Na segunda-feira (12) e ontem (13) o Comandante Militar da Amazônia, Genereal-de-Exército Luis Carlos Gomes de Mattos, acompanhou as operações a partir de Boa Vista, com o apoio aéreo do VII Comando Aéreo Regional (VII COMAR), da Força Aérea Brasileira.

Tuxauas e autoridades apoiam garimpagem ilegal

O presidente da Câmara de Municipal de Uiramutã, vereador Milton Dário, confirmou ontem ao Portal Amazônia (www.portalamazonia.com) que os garimpeiros da região são todos indígenas e trabalham de maneira artesanal, com peneiras e pás. “50 famílias sobrevivem da atividade de garimpo na região do Mutum e da comunidade Flexal”, disse o vereador.

Em fevereiro, um tuxaua revelou ao FatoReal ter na garimpagem ilegal dentro da Raposa Serra do Sol sua principal fonte de renda e de sua família. No dia seguinte, o recém-empossado secretário de Estado do Índio de Roraima, Jonas Marcolino, não apenas confirmou a existência dos garimpos na TI, como também defendeu essa atividade como meio de sobrevivência das comunidades. “A garimpagem é um meio de sobrevivência como qualquer outra que os indígenas exercem, como a caça e a pesca, por exemplo”, disse.

No dia 28 de setembro, o FatoReal voltou ao tema, ao mostrar fotos de um garimpo ilegal a apenas 100 metros de uma das mais belas paisagens naturais do Estado, a cachoeira do Urucá, no Município de Uiramutã, onde a degradação do meio ambiente era visível. Apesar de a atividade estar acontecendo há vários meses no local e a pouca distância da sede do Município (apenas dois quilômetros), a Prefeitura alegou não ter conhecimento da existência do garimpo.

“Amanhã vou até o Ministério Público Federal fazer uma denúncia formal para que a Polícia Federal seja acionada a fim de retirar os garimpeiros da área. Como o local fica dentro da Terra Indígena Raposa Serra do Sol, infelizmente o Município não pode fazer nada, a não ser denunciar e é isto que faremos”, afirmou o secretário Municipal de Meio Ambiente, Paulo dos Santos.
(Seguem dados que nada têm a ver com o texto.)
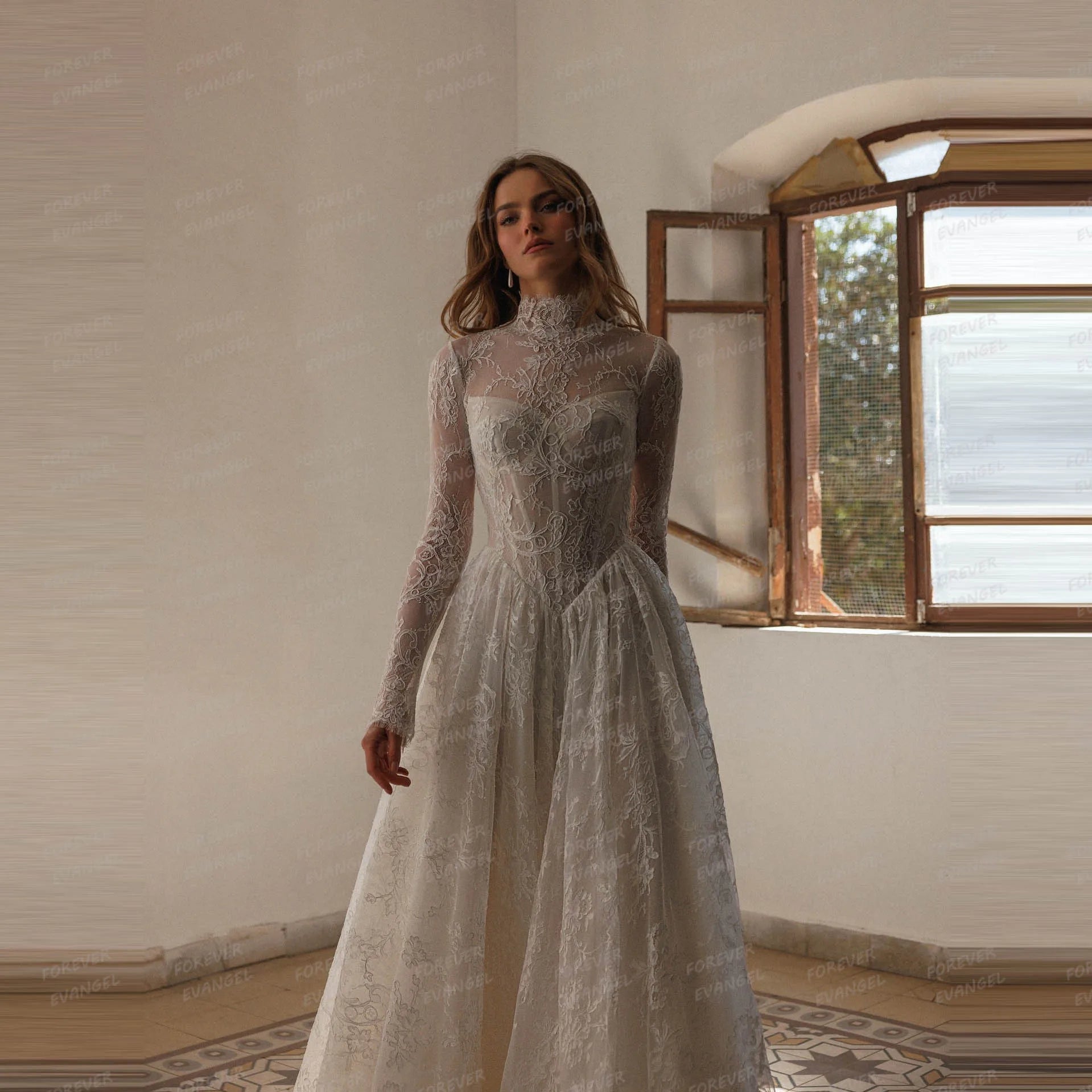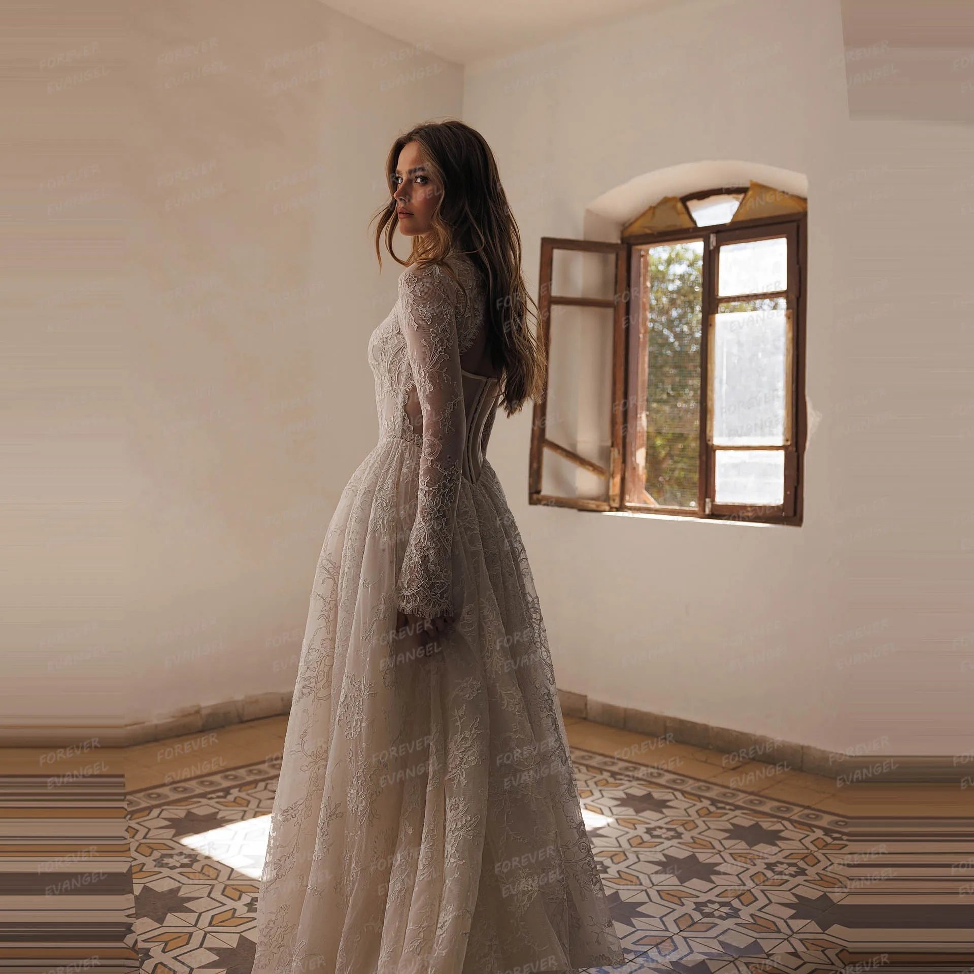 Simple Wedding Dresses A Line Woman's Sexy Lace Shiny Long Sleeve Bride Gowns Formal Appliques 2025 Customized Vestidos De Novia

Ele explicou que, apesar de a reserva já ter sido homologada e ratificada pelo Supremo Tribunal Federal (STF), o Governo Federal ainda não aprovou o Plano Diretor que define o perímetro urbano do Município. “Enquanto o Plano Diretor não for aprovado, estamos de mãos atadas, sem saber direito onde termina o domínio do Município e onde começa a Raposa”, reclamou.